[Records excerpted from a collection]
● ● ●
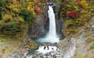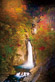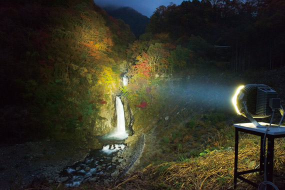 高出力形LED投光器で100m離れた場所から照らし、紅葉を背景に浮かび上がる滝の幻想的な光景を演出
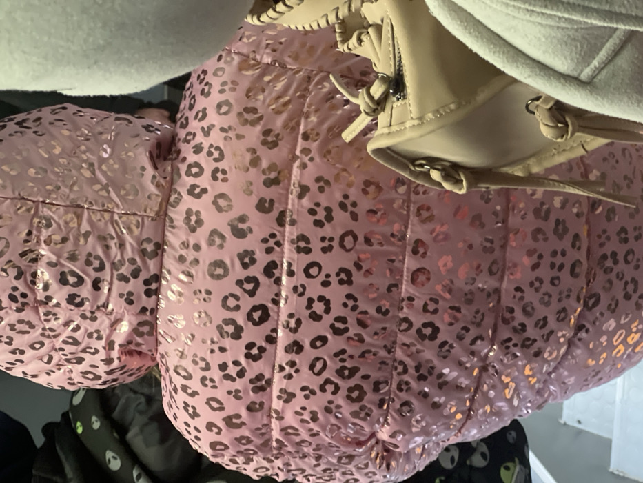 - "A pink puffer jacket with gold leopard print rests atop other garments" by FM-iR7bg1, licensed under CC BY 4.0
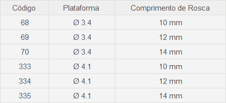 – Os procedimentos protéticos seguem os dos implantes de hexágono externo, utilizando-se os mesmos componentes protéticos. Apenas o comprimento da rosca do parafuso protético e dos componentes que possuem rosca é 2,0 mm mais curto que os correspondentes dos implantes HE convencionais.
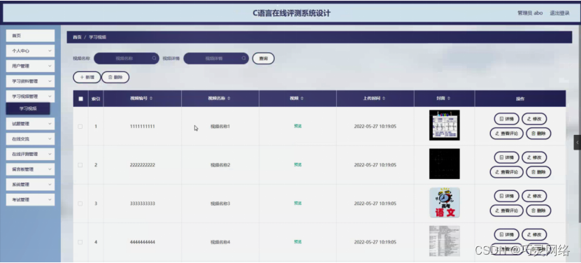 学习视频管理,在学习视频管理页面可以对索引、视频编号、视频名称、视频、上传时间、封面等内容进行详情,修改,查看评论或删除操作,如图5-11所示。
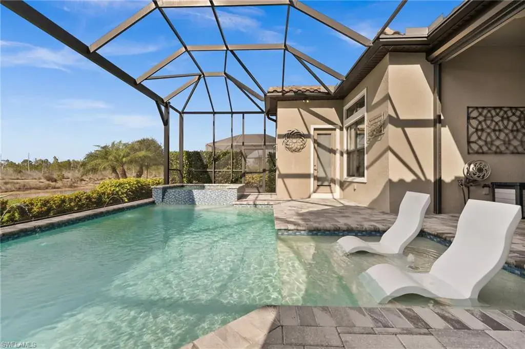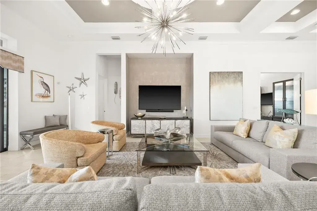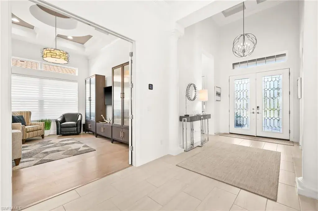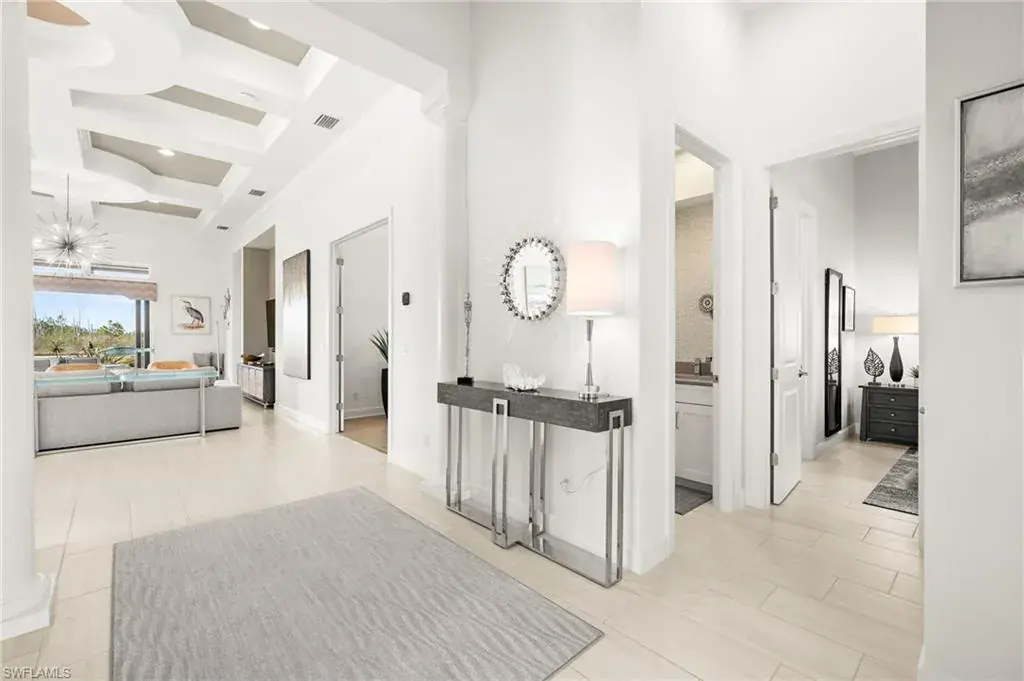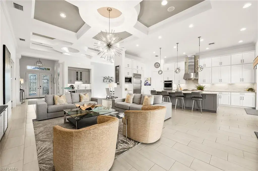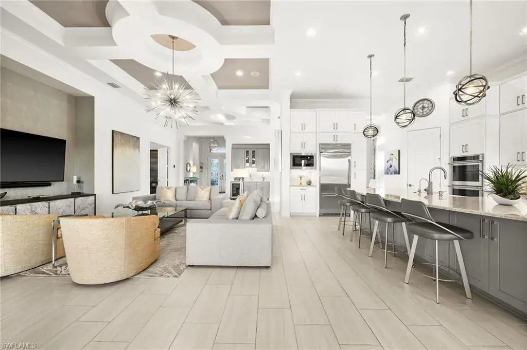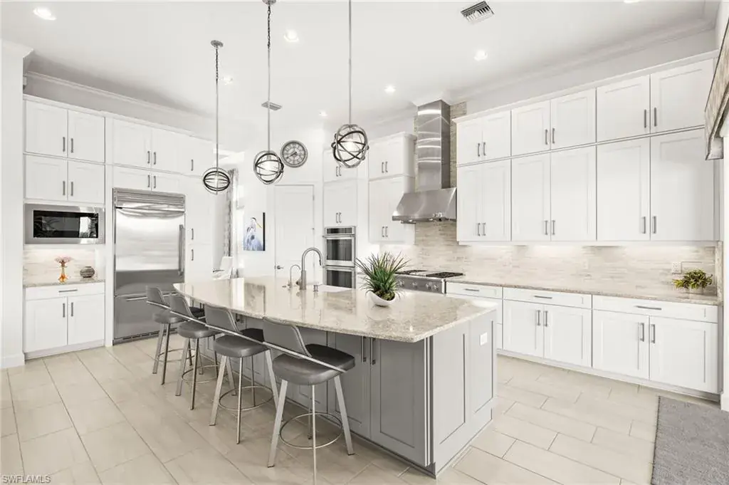 This home INCLUDES GOLF membership at Esplanade Golf & Country Club, with no waitlist or high initiation fees. Everything in this 2020-built “Francesco” is premium. All fine furnishings, art, rugs, lamps, and more are included with this home. One of the most luxuriously appointed homes in Esplanade Golf & Country Club. STRUCTURAL UPGRADES: Pocketing sliding doors (both sets), pool bath, outdoor shower, fireplace (refaced with marble in 2023), extended outdoor covered living area, 3rd stall garage, A/C in garage, hurricane impact windows & doors, electric roll-down screens on lanai + roll down screens over front entryway, all interior doors are solid core, Crystalline glass front doors, outdoor kitchen equipped with grill, sink, refrigerated drawers, & externally vented hood. Pool includes fountains, spa, and sunshelf w/ ledge loungers. SYSTEM UPGRADES: Whole house generator, water softener, upgraded thermostat, security system, doorbell camera, Sonos Surround Sound indoors & outdoors, TV in every room + outdoor living area. EXTRAS: Closets (bedrooms, broom, linen & pantry) are beautifully designed for storage & organization, owner’s bath has a cabinet tower & bank of drawers in lieu of a tub. The air-conditioned garage is equipped with ample storage for tools, luggage, holiday decor, and more. KITCHEN UPGRADES: Monogram appliances, which include a double oven, a gas cooktop, a built-in refrigerator, a third row of cabinetry + exterior under-island cabinetry added, reverse osmosis, a beverage center with upgraded cabinetry & lighting, sink, and beverage refrigerator. Additional landscaping & potted plants are watered w/ dedicated, timed irrigation to ensure they’re always thriving. Professionally designed lighting, sleek motorized Hunter-Douglas Silhouettes, custom drapery & valances, custom paint on walls & coffered ceilings, and premium wallpaper. Esplanade offers an active lifestyle with dining options, golf, a racquet sports program (including pickleball), premier sports facilities, a full salon and spa, and a vibrant social calendar. This home is the perfect fit for those who appreciate quality, details, and convenience. This turnkey home is priced to include high-end furnishings, elegant rugs, wall art, kitchenwares, lux bedding, linens, and more.  For the benefit of the buyer, a Personal Property Sales Contract will be used for the furnishings, art, rugs, lamps, decor, housewares, etc.
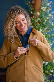 The Women's Old School Trucker Canvas Work Jacket in Vintage Brown delivers classic style with a fit made for action. Constructed from heavy-duty duck canvas and lined with cozy faux shearling, it keeps you warm without sacrificing mobility. Bi-swing back pleats and reinforced elbows provide extra room and durability, while a corduroy collar, snap front and cuffs, zip chest pocket, and inner pocket add practical details. Smooth-lined sleeves make it easy to slip on and off, making this jacket a reliable, stylish choice for hardworking women.
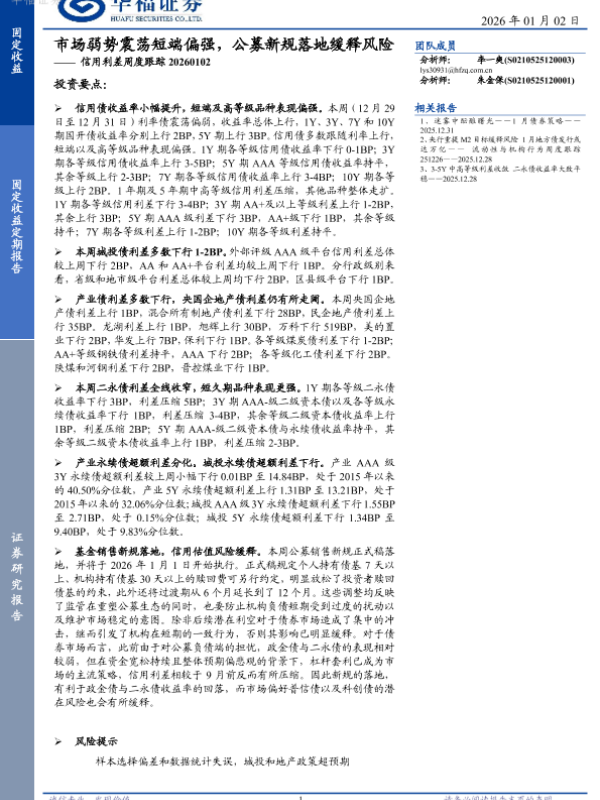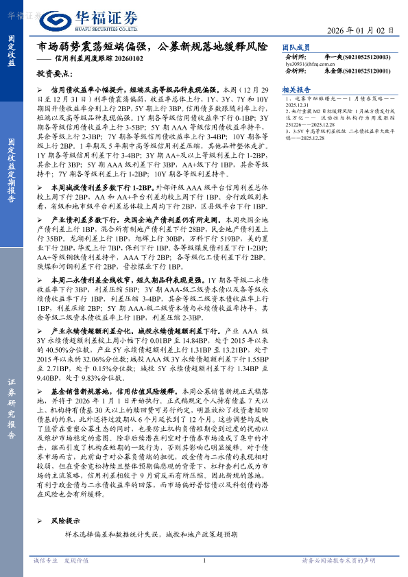 【华福证券】【20260102】20260102-华福证券-信用利差周度跟踪_市场弱势震荡短端偏强_公募新规落地缓释风险_10页_1mb.pdf-10页
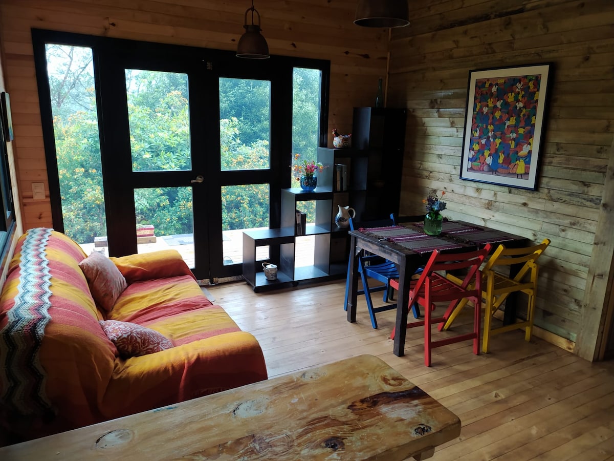 Déan iniúchadh ar dhraíocht na háite uathúla seo! Lonnaithe i measc foraois bháistí thrópaiceach, díreach 33 km ó Bogotá (thart ar 55 nóiméad), cuireann an cábán seo compord agus draíocht ar fáil. Tógtha 8 méadar ar airde i measc na gcrann, bainfidh tú taitneamh as radhairc iontacha, canadh na n - éan, caonach, bromeliads, agus sruth suaimhneach. Suite i gceantar tuaithe cairdiúil inrochtana. Táimid ag tnúth le heispéireas dodhearmadta a chur ar fáil duit!
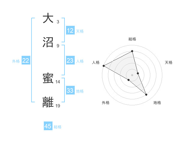 大沼 蜜離さんを姓名の画数から五運を鑑定
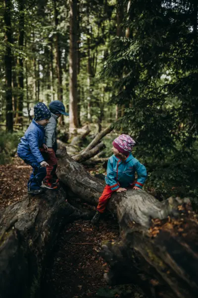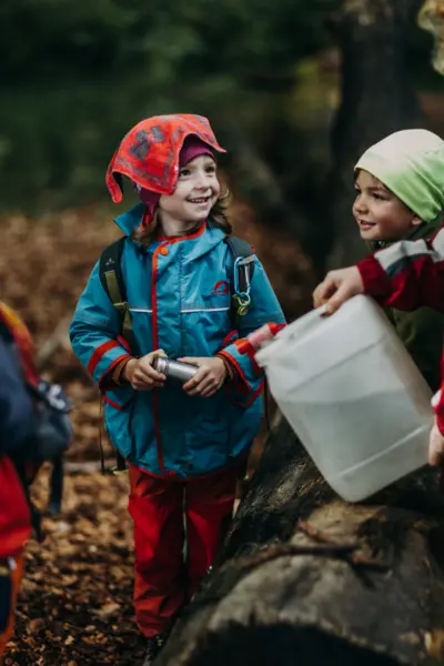 Die Kinder erleben die Natur und deren Gesetze am eigenen Leib. Sie spüren, wie die Bäume im Frühling "ihren Saft anstellen", sie erleben die verschwenderische Vielfalt des Sommers, sie baden im bunten, knisternden Herbstlaub und trotzen im Winter der Kälte. Diese Eindrücke prägen die Kinder sehr und machen sie stark: als Persönlichkeiten und verantwortungsbewusst für andere und ihre Umwelt.
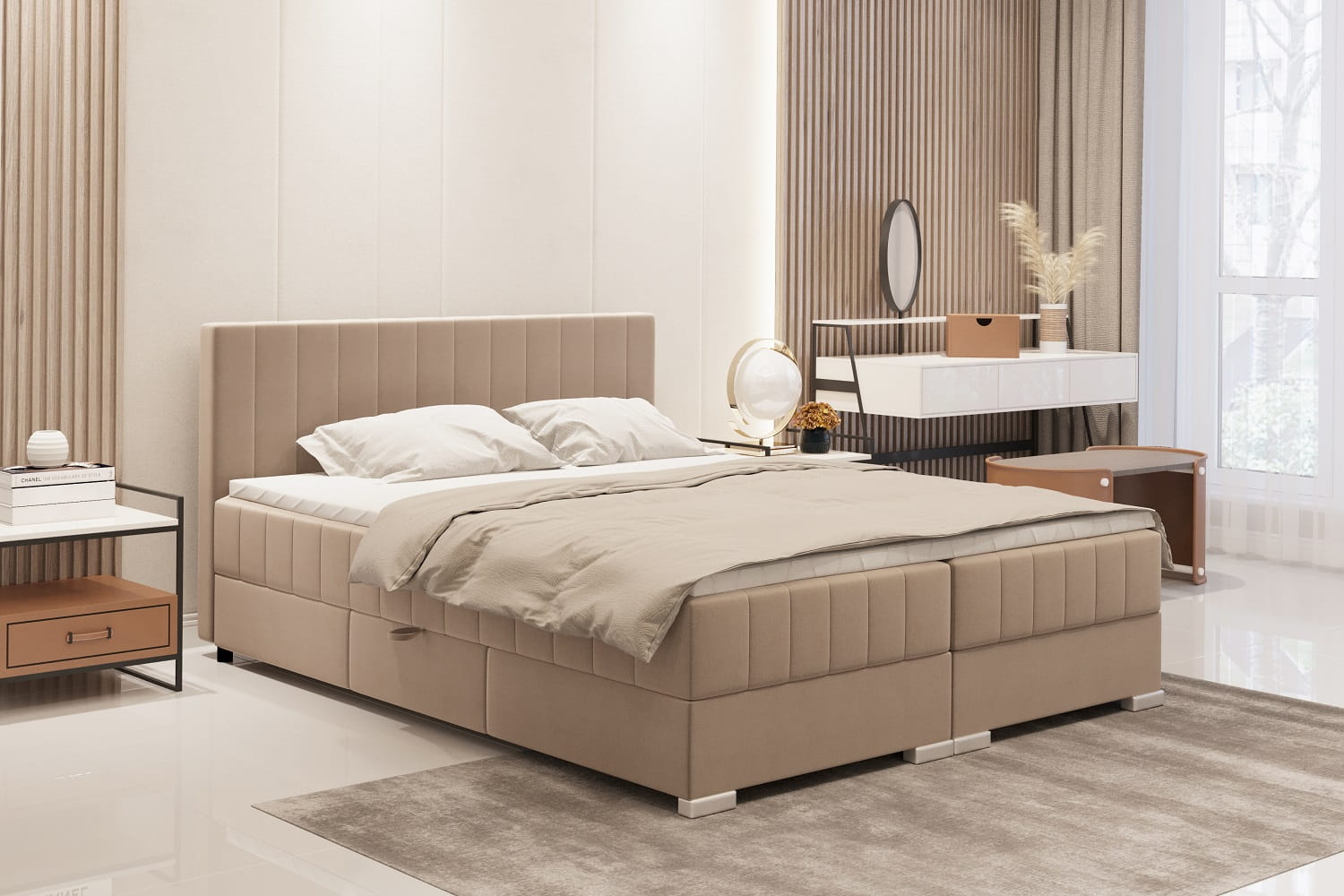 Łóżko tapicerowane kontynentalne ELIT do sypialni z pojemnikiem
● ● ●
Copy out exactly the lines above beginning with the line that contains "Déan iniúchadh ar" and finishing with the line that contains "大沼 蜜離さんを姓名の画数から五運を鑑定", including both; leave the pictures out.

YOUR SOLUTION:
 Déan iniúchadh ar dhraíocht na háite uathúla seo! Lonnaithe i measc foraois bháistí thrópaiceach, díreach 33 km ó Bogotá (thart ar 55 nóiméad), cuireann an cábán seo compord agus draíocht ar fáil. Tógtha 8 méadar ar airde i measc na gcrann, bainfidh tú taitneamh as radhairc iontacha, canadh na n - éan, caonach, bromeliads, agus sruth suaimhneach. Suite i gceantar tuaithe cairdiúil inrochtana. Táimid ag tnúth le heispéireas dodhearmadta a chur ar fáil duit!
 大沼 蜜離さんを姓名の画数から五運を鑑定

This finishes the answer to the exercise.